MiniGPT is a small GPT-style autoregressive language model implemented from scratch in PyTorch.
The notebook rebuilds the main GPT workflow: tokenization, causal self-attention, Transformer blocks, next-token training, validation loss tracking, checkpoint selection, and text generation.
The implementation is inspired by Karpathy's nanoGPT design, but the code is written from scratch.
MiniGPT is submitted to the Journal of Open Source Education (JOSE) as a computational learning module.
Run the notebook directly in Google Colab:
Main notebook: MiniGPT_Notebook.ipynb
The notebook is designed to run in Colab without local setup.
Many GPT explanations show the model as a high-level diagram, while many real implementations include extra engineering details that can be hard to follow at first.
MiniGPT is created to fill this gap. It gives a simple, runnable notebook that shows the full GPT-style pipeline from raw text to generated samples.
The goal is not to build a state-of-the-art language model. The goal is to help learners understand how a small decoder-only Transformer is built, trained, evaluated, and used for text generation.
This learning module is useful for:
- students learning deep generative models
- students learning NLP or language modeling
- instructors who want a small GPT notebook for a class or lab
- practitioners who want to understand GPT training from first principles
- self-learners who want a runnable example in Colab
Basic Python and PyTorch knowledge will be helpful.
After completing the notebook, learners should be able to:
- understand character-level tokenization
- explain token embeddings and positional embeddings
- implement causal multi-head self-attention
- build a small decoder-only Transformer block
- train a GPT-style model with next-token cross-entropy loss
- track training and validation loss
- select a checkpoint using validation loss
- generate text autoregressively
- understand how model size, context length, and sampling temperature affect output quality
The notebook uses the Tiny Shakespeare dataset with character-level tokenization.
| Item | Value |
|---|---|
| Total tokens | 1,115,394 |
| Vocabulary size | 65 |
| Train/validation split | 90% / 10% |
| Model | Parameters | Context length | Best / final validation loss | Training time on Colab A100 |
|---|---|---|---|---|
| Baseline MiniGPT | 826,433 | 128 | 1.7236 | 50.79 seconds |
| Stronger MiniGPT | 10.77M | 256 | 1.4780 | 4.76 minutes |
The stronger model learns better local Shakespeare-style structure, but it is still a small character-level model, so long text is not fully coherent.

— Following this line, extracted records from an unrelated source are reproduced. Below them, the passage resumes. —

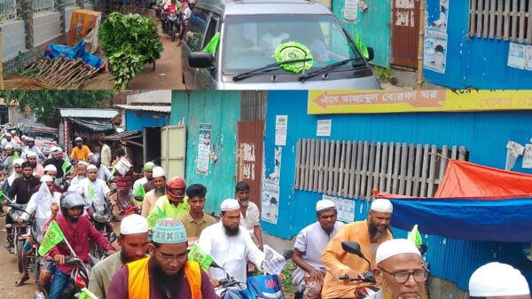 আব্দুল্লাহ আল মামুন যশোর যশোর ৫ মণিরামপুর আসনের ইসলামী আন্দোলন বাংলাদেশ পীর সাহেব চরমোনাই মনোনীত হাতপাখার এমপি প্রার্থী মাষ্টার জয়নাল আবেদীন টিপুর মটরসাইকেল শোডাউন অনুষ্ঠিত হয়েছে। শনিবার ২০ সেপ্টেম্বর সকালে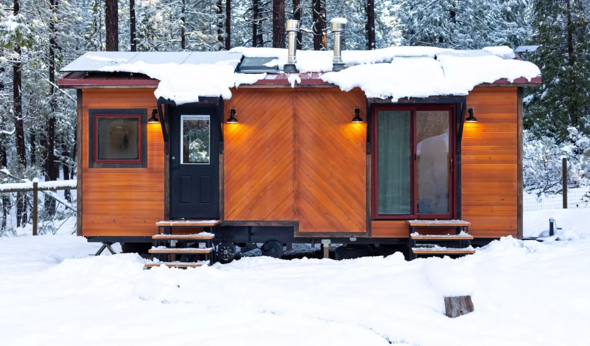 Érigée sur une remorque à double essieu, cette maison mesure 10 pieds (3 mètres) de large, ce qui est plus large que la plupart des remorques conventionnelles et nécessite donc un permis pour son transport sur route. Bien que les roues soient retirées dans les photos actuelles, elles peuvent être réinstallées pour faciliter le déplacement. À l’extérieur, l’habitation est recouverte de cèdre et dotée d’un toit en métal à joints debouts, lui conférant une apparence moderne et élégante qui pourrait parfaitement s’intégrer à un environnement résidentiel.
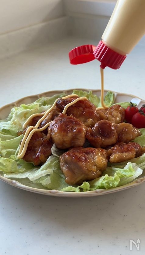 ・片栗粉をまぶすことで、照り焼きだれがしっかり絡んでツヤが出ます。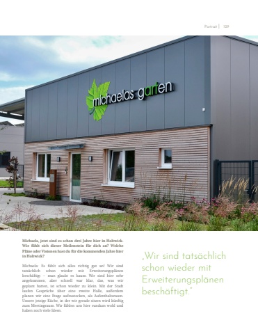 %u201eWir sind tats%u00e4chlich schon wieder mitErweiterungspl%u00e4nen besch%u00e4ftigt.%u201cMichaela, jetzt sind es schon drei Jahre hier in Holtwick. Wie f%u00fchlt sich dieser Meilenstein f%u00fcr dich an? Welche Pl%u00e4ne oder Visionen hast du f%u00fcr die kommenden Jahre hier in Holtwick?Michaela: Es f%u00fchlt sich alles richtig gut an! Wir sind tats%u00e4chlich schon wieder mit Erweiterungspl%u00e4nen besch%u00e4ftigt %u2013 man glaubt es kaum. Wir sind hier sehr angekommen, aber schnell war klar, das, was wir geplant hatten, ist schon wieder zu klein. Mit der Stadt laufen Gespr%u00e4che %u00fcber eine zweite Halle, au%u00dferdem planen wir eine Etage aufzustocken, als Aufenthaltsraum. Unsere jetzige K%u00fcche, in der wir gerade sitzen wird k%u00fcnftig zum Meetingraum. Wir f%u00fchlen uns hier rundum wohl und haben noch viele Ideen.Portrait I 129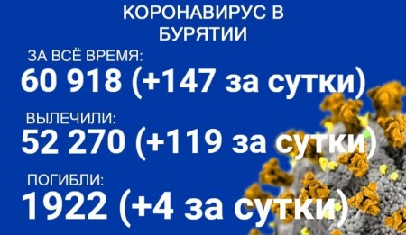 По данным на 17 октября, еще 147 человек в Бурятии заболели COVID-19. Также за сутки 119 пациентов выздоровели, четверо скончались. Об этом сообщает пресс-служба регионального Роспотребнадзора. В настоящее время лечение в стационарах проходят 775 человек с коронавирусом и подозрением на него.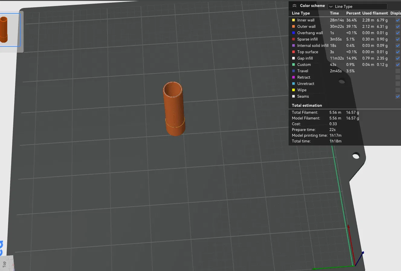 - Thời gian in: Dựa trên mô phỏng, thời gian in ước tính chỉ khoảng 1 giờ 18 phút, rất nhanh chóng và thuận tiện cho việc thử nghiệm các phiên bản khác nhau.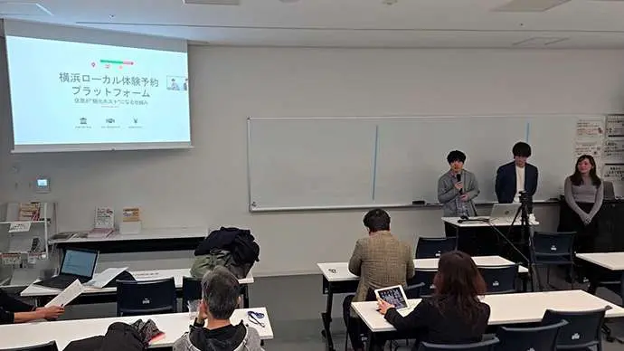 また、本年度は、2つのグループに分かれ、中間報告(2回)及び最終報告として、「横浜観光・MICEの課題と解決を考える」をテーマにプレゼンテーションを行いました。受講生は、横浜やみなとみらいの現状と課題について、講義で学んだことを活かしながら、事業としてどのように解決していくかをまとめ、発表しました。発表後は質疑応答を行い、講師及び受講生間で活発な意見交換を行いました。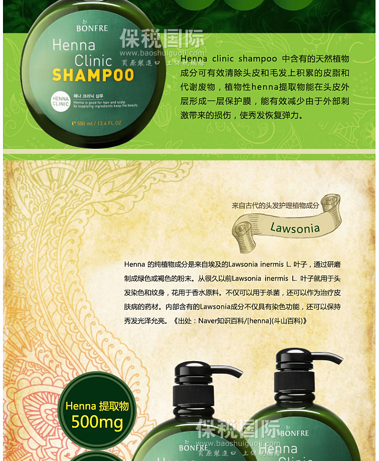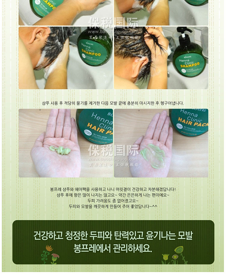 韓國BONFRE指甲花特效修護發膜 500ml—— 含有天然保濕因子神經酰胺,防止外部水分流失,呵護滋潤毛發,使用植物性保濕劑,柔順地撫摸毛發,無油膩,賦予清爽的使用感,植物性指甲花提取物在頭發表皮層形成保護膜,修護頭發,供應營養,呵護健康發質。 |

The notebook is designed to run in Colab without local setup.
Main packages used:
- torch
- matplotlib
- requests
If running locally, install the dependencies with:
pip install -r requirements.txtThis is enough. Do not use pip freeze > requirements.txt from your full local environment, because it may add many unnecessary packages. For MiniGPT, keep it simple.
- Click the Open in Colab button.
- Select GPU runtime.
- Run the notebook cells from top to bottom.
Recommended Colab setting:
Runtime → Change runtime type → GPU
The baseline model can run quickly. The stronger model is better to run with a GPU.
This notebook can be used as:
- a short lab on GPT-style language modeling
- a practical assignment on Transformers
- a walkthrough for causal self-attention
- a classroom demo for next-token prediction
- a self-study module for students
For a shorter session, use only the baseline model.
For a longer GPU-backed session, run the stronger model and compare the loss curves and generated samples.
| File | Purpose |
|---|---|
MiniGPT_Notebook.ipynb |
Main learning module notebook |
README.md |
Project overview and usage instructions |
requirements.txt |
Minimal package list for local runs |
paper.md |
JOSE paper |
paper.bib |
JOSE bibliography |
LICENSE |
License information |
CONTRIBUTING.md |
How to contribute or report issues |
CODE_OF_CONDUCT.md |
Community behavior guidelines |
If something does not work, please open a GitHub issue.
Useful details to include:
- whether you used Colab or local Python
- whether you used CPU or GPU
- the error message
- which notebook cell failed
Small differences in loss values or generated text are normal because training can change with GPU type, PyTorch/CUDA version, and random sampling.
Contributions are welcome if they make the module clearer, easier to run, or easier to understand.
Please see CONTRIBUTING.md before opening a pull request.
If you use this learning module, please cite:
Jibin Joseph. MiniGPT: A Colab-Runnable Learning Module for Rebuilding GPT from First Principles. 2026.
https://github.com/jibin10/MiniGPT
This repository uses two licenses:
- Code and code cells: MIT License
- Learning materials, notebook explanations, paper text, figures, and tables: Creative Commons Attribution 4.0 International License (CC BY 4.0)
This means the code can be reused under the MIT License, and the learning content can be shared or adapted with attribution.
This project is inspired by Andrej Karpathy’s nanoGPT.
This learning module was developed as part of coursework in Advances in Deep Generative Models (MS AI) at The University of Texas at Austin.